> [Given information]:

--*--

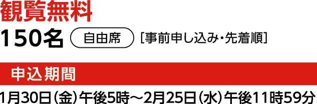 | 定員 | ★事前申し込み・先着順 150名(自由席) ※お申込みに際しては、下記の留意事項を必ずお読みください。 |
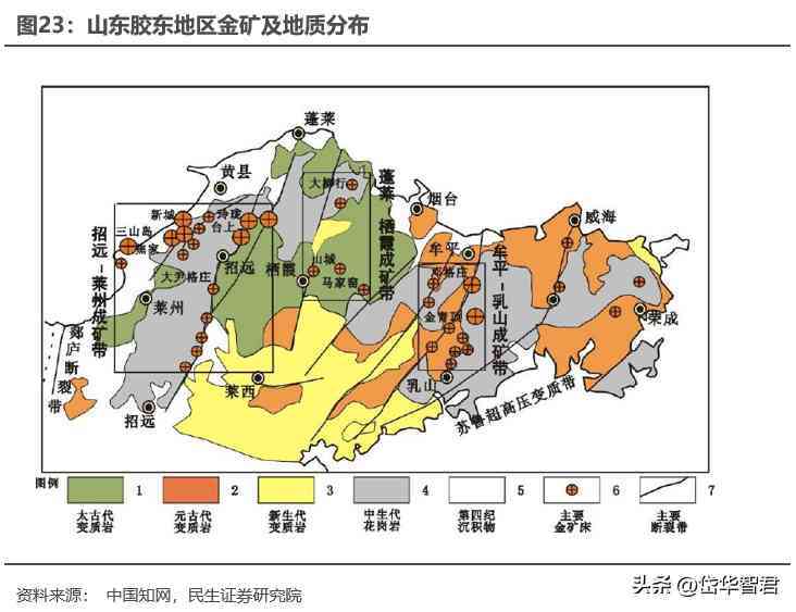資源方面,萊州地區(qū)位于斷裂地質(zhì)構(gòu)造帶,區(qū)位優(yōu)勢顯著。膠東地區(qū)斷裂構(gòu)造控制了區(qū)內(nèi)金礦床的形成與分布,斷裂帶地下巖漿運動巨裂,多半伴隨有火山爆發(fā),地震,為金礦形成提供了所需的溫度環(huán)境和物質(zhì)構(gòu)造。萊州市位于三山島斷裂帶、新城-焦家斷裂帶、招平斷裂帶的交界處,在三者的共同作用下,形成了招遠-萊州成礦帶。其中,新城-焦家斷裂帶上分布礦產(chǎn)最多,該斷裂帶控制了新城、焦家、馬塘、望兒山等一系列焦家式金礦床。
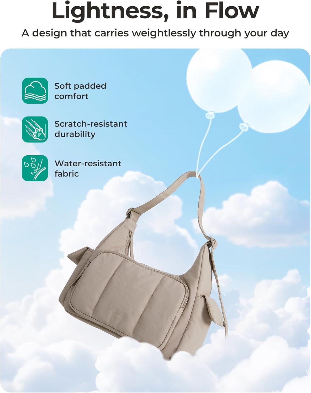 BAGSMART Crossbody Bags for Women, Small Puffer Purses for Women Daily/Travel, 6L Cute Fluffy Hobo Bag with Adjustable Strap(A-warm Sand)

--*--

> [Task requirements]:
Your copy should hold exactly and only the lines from the one containing "資源方面,萊州地區(qū)位" through the end of the material, inclusive, repeated word for word and without pictures.

> [Reply to the exercise]:
資源方面,萊州地區(qū)位于斷裂地質(zhì)構(gòu)造帶,區(qū)位優(yōu)勢顯著。膠東地區(qū)斷裂構(gòu)造控制了區(qū)內(nèi)金礦床的形成與分布,斷裂帶地下巖漿運動巨裂,多半伴隨有火山爆發(fā),地震,為金礦形成提供了所需的溫度環(huán)境和物質(zhì)構(gòu)造。萊州市位于三山島斷裂帶、新城-焦家斷裂帶、招平斷裂帶的交界處,在三者的共同作用下,形成了招遠-萊州成礦帶。其中,新城-焦家斷裂帶上分布礦產(chǎn)最多,該斷裂帶控制了新城、焦家、馬塘、望兒山等一系列焦家式金礦床。
 BAGSMART Crossbody Bags for Women, Small Puffer Purses for Women Daily/Travel, 6L Cute Fluffy Hobo Bag with Adjustable Strap(A-warm Sand)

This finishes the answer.